Posts Tagged With: Pandemic

The Church in a Pandemic

Here is a piece written by my wife Hetty reflecting on the church in our current time.

What happens when a church/ faith community/ group of believers, find themselves in the world of Covid 19?This is a question that I’ve been stewing on for 8 months. In March and April I kept my ears and eyes open for evidence that believers were mobilised to give assistance wherever the need was. I also wanted to see how churches were adapting their services to the challenges and opportunities of ‘online’.

At first I noticed the Sikh and Muslim communities making and delivering meals for tertiary students who had lost their income. I saw that churches were moving online but it was a poor attempt to replicate the service as close as possible, losing much of the sense of personal connection. Some church leaders tried bizarre stunts to continue certain practices.

Closer to home I heard of the work a group of Christians, which included my daughter, was doing to provide meals to the homeless and hungry. To change the sit-down meal they offered in the past with a takeaway one.
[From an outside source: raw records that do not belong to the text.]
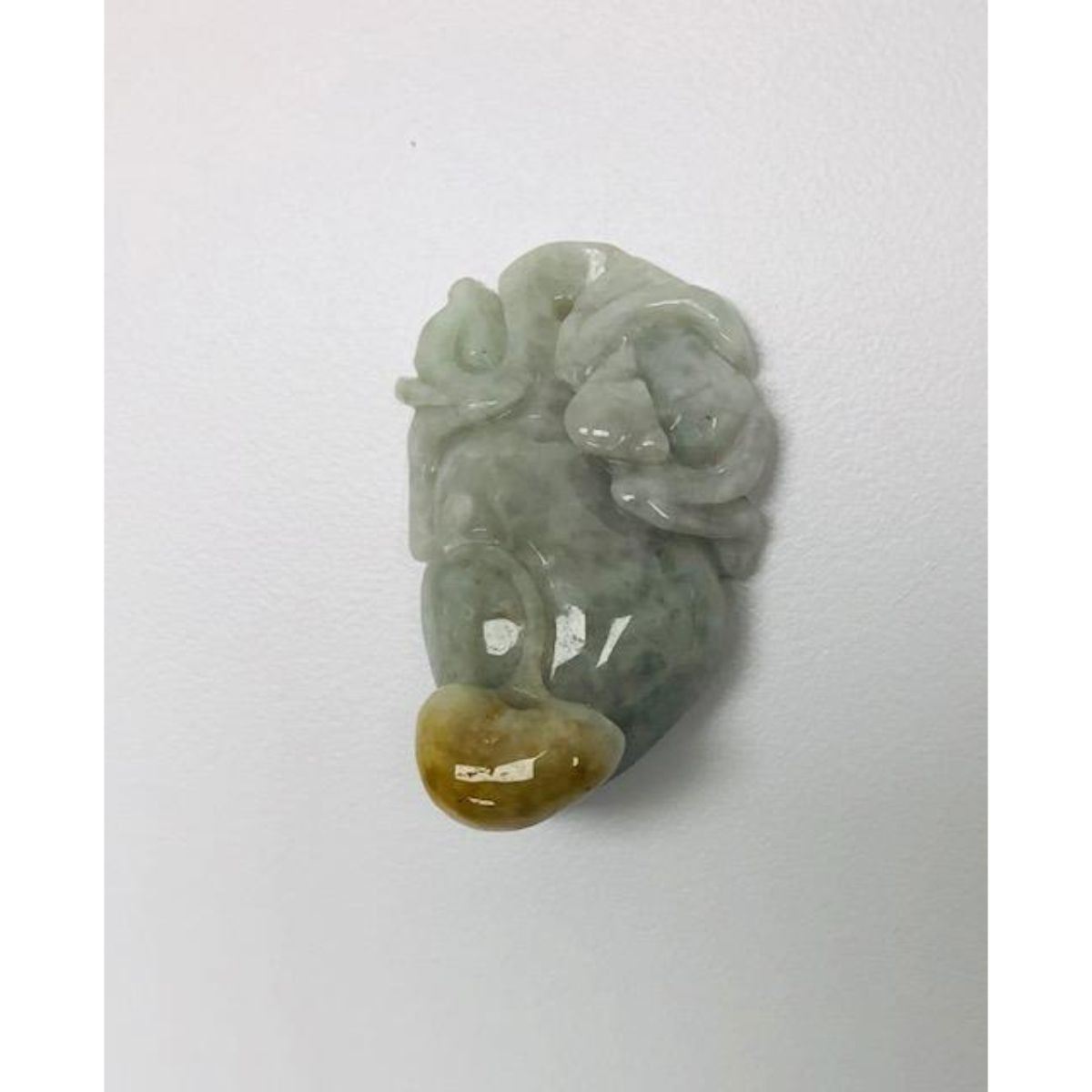 Chinese Carved Two Tiered Jade Fruit & Bat Pendant. A Fine Piece Demonstrating A Two Tiered Level In Carving. A Vine Off The Main Piece Of Fruit Stands To The Fore Front, With Difference In Hue To Bring Emphasis To The Two Tiers To This Carved Piece. A Perched Bat On The Top Part Of The Pendant Adds To The Elegant Design Of This Pendant. Please View Photos For Further Details.Â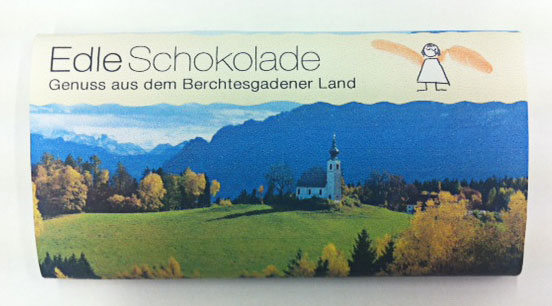 Auf der Vorderseite der Banderole sehen Sie unsere wunderschöne bayerische Heimat, innen erwartet sie eine wahrhaft köstliche Schokolade.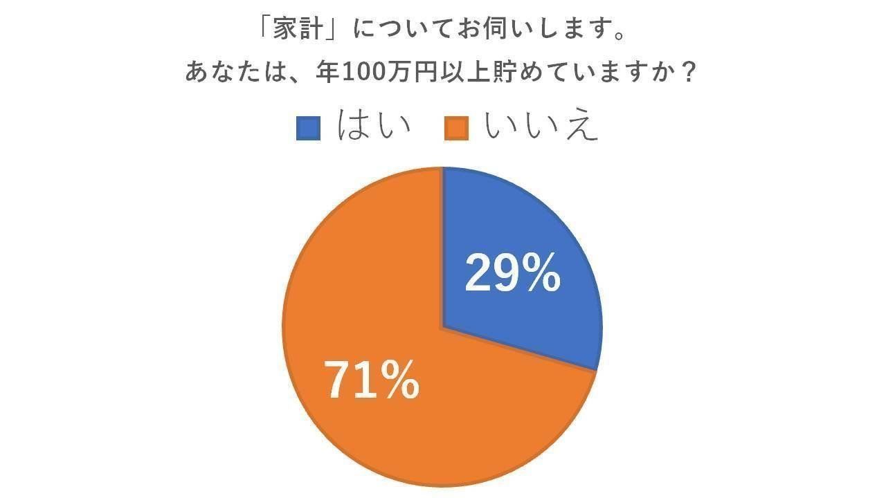 家計について、年100万円以上貯めているか?の質問に、「はい」と答えた人は全体の29.4%でした。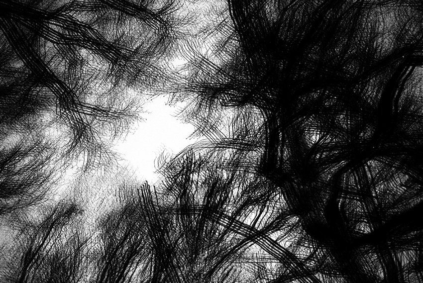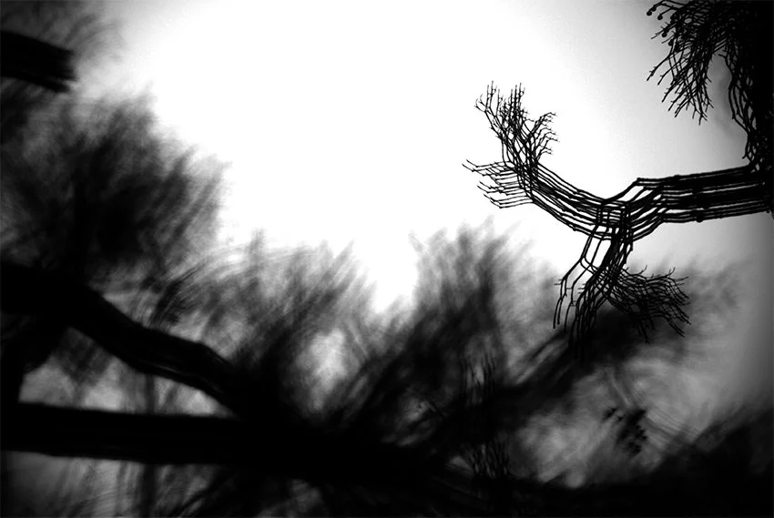 Sometimes, as an artist, you visualize your emotions and thoughts before your body can comprehend what is going on. I remember making these images lying on my back in the middle of winter, forgetting how cold the ground was on my skin. The shapes and movement of the bare branches above me entranced me. I would close my eyes and see them dancing closely, almost hauntingly, as if from a childhood nightmare. It was all I could see for months, and I almost felt as if they were enveloping me in some unknown darkness. A few months later, I learned I was suffering from depression. These images were created to help illustrate how I felt and saw things during this time, as well as to help my mind cope with whatever darkness had decided to take over.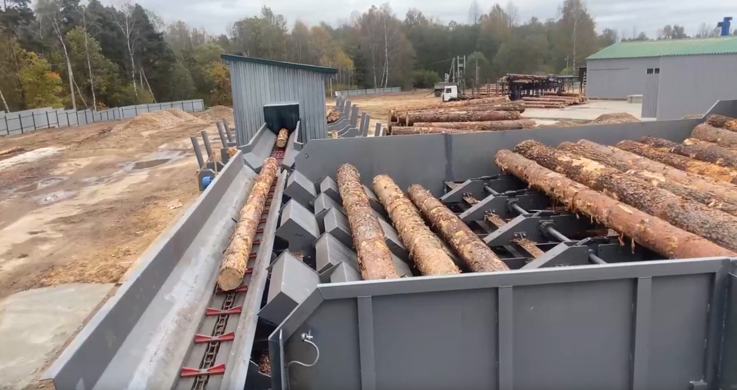 Распределение бревен по диаметрам осуществляется в 12 карманов.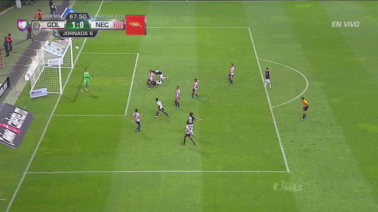 El chileno del Necaxa la bajó bien en el área, pero su disparo se fue muy por encima de la portería rojiblanca.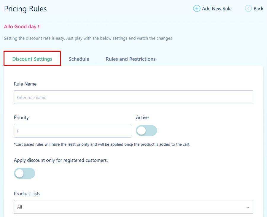 你首先在 “Discount Settings” 标签下创建一个规则名称。你可以设置一个优先级并激活它。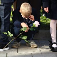 В День знаний женщина искала сына на школьной линейке, но Альберт заявил, что перевел ребенка на домашнее обучение. Журналисты не смогли получить от него комментарий.

Our local Christian school is using the produce from their horticulture unit to make meals and fresh food hampers for families who are having difficulty making ends meet.


Yesterday I stumbled across an article about the pandemics of the past. It explained the advancement of the early Christian church during and following the Antonine and the Cyprian plagues that occurred in the Roman Empire of A.D. 165 – 262. The combined pandemics’ mortality rate was anywhere from one-quarter to one-third of the empire’s population.


So what caused the baby Christian church to become a significant religion?Here’s a different way of asking this question: What was God doing in the hearts of the believers? How was He resourcing and equipping them?This is a quote from that article-
“Rodney Stark, in his seminal work “The Rise of Christianity,” argues that these two pandemics made Christianity a much more attractive belief system.While the disease was effectively incurable, rudimentary palliative care – the provision of food and water, for example – could spur recovery of those too weak to care for themselves. Motivated by Christian charity and an ethic of care for the sick – and enabled by the thick social and charitable networks around which the early church was organized – the empire’s Christian communities were willing and able to provide this sort of care.Pagan Romans, on the other hand, opted instead either to flee outbreaks of the plague or to self-isolate in the hope of being spared infection.”


Ah! There it is. Charity.


But where are the majority of today’s Christians to be found? Fleeing the outbreaks? Self-isolating? Pretending that nothing’s changed? Trying to get modern technology to ensure the congregation can continue to tithe? Demanding that the government leaders allow their churches to meet in person again?
Or living out the commandment of Jesus to “Love the Lord your God with all your heart and with all your soul and with all your strength and with all your mind’ and ‘Love your neighbor as yourself.”(Luke 10:27)


I don’t want to search for this. I want it to be so, so patently obvious that a blind man couldn’t miss it. I want people to say “Christians? Yeah, there they are….. using their facilities to cook meals……..providing shelter………helping those struggling with anxiety………using their charitable networks to distribute aid.”
The twenty first century Christian has been equipped by God and He has given each of us a particular task that we must undertake where He has placed us.
Right now we find ourselves in a pandemic.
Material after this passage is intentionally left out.